Affective Behaviour Analysis via Progressive Learning

Chen Liu,Wei Zhang,Feng Qiu,Lincheng Li,Xin Yu
2024-07-26
Abstract:Affective Behavior Analysis aims to develop emotionally intelligent technology that can recognize and respond to human emotions. To advance this, the 7th Affective Behavior Analysis in-the-wild (ABAW) competition establishes two tracks: i.e., the Multi-task Learning (MTL) Challenge and the Compound Expression (CE) challenge based on Aff-Wild2 and C-EXPR-DB datasets. In this paper, we present our methods and experimental results for the two competition tracks. Specifically, it can be summarized in the following four aspects: 1) To attain high-quality facial features, we train a Masked-Auto Encoder in a self-supervised manner. 2) We devise a temporal convergence module to capture the temporal information between video frames and explore the impact of window size and sequence length on each sub-task. 3) To facilitate the joint optimization of various sub-tasks, we explore the impact of sub-task joint training and feature fusion from individual tasks on each task performance improvement. 4) We utilize curriculum learning to transition the model from recognizing single expressions to recognizing compound expressions, thereby improving the accuracy of compound expression recognition. Extensive experiments demonstrate the superiority of our designs.

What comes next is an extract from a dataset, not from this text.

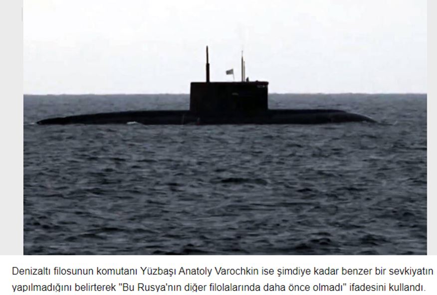 Ο διοικητής του στόλου, Αντιναύαρχος Ιγκόρ Οσίποφ «Όλα τα υποβρύχια του στόλου της Μαύρης Θάλασσας έχουν εγκαταλείψει τις βάσεις τους για να εκπληρώσουν συγκεκριμένο έργο. Δεν βρίσκονται στις βάσεις υποβρυχίων», είπε.

Computer Vision and Pattern Recognition
What problem does this paper attempt to address?
### Problems the Paper Attempts to Solve The paper primarily focuses on Affective Behavior Analysis, aiming to develop intelligent technologies capable of recognizing and responding to human emotions. Specifically, the paper advances this goal through the following two competition tracks: 1. **Multi-Task Learning (MTL) Challenge**: - This challenge is based on the Aff-Wild2 and C-EXPR-DB datasets and includes three sub-tasks: Action Unit (AU) prediction, Expression Recognition (EXPR), and Valence-Arousal (VA) estimation. - Researchers extract high-quality facial features through self-supervised training of a Masked-Auto Encoder (MAE) and design a temporal aggregation module to capture temporal information between video frames. 2. **Compound Expression (CE) Challenge**: - This challenge requires recognizing compound expressions with limited annotated data. - Researchers adopt a progressive learning strategy, first training a single expression recognition model, then gradually introducing compound expression data, and using CutMix and Mixup techniques to enhance data diversity. Through the above methods, researchers achieved significant performance improvements in both competition tracks and validated the effectiveness of their approach.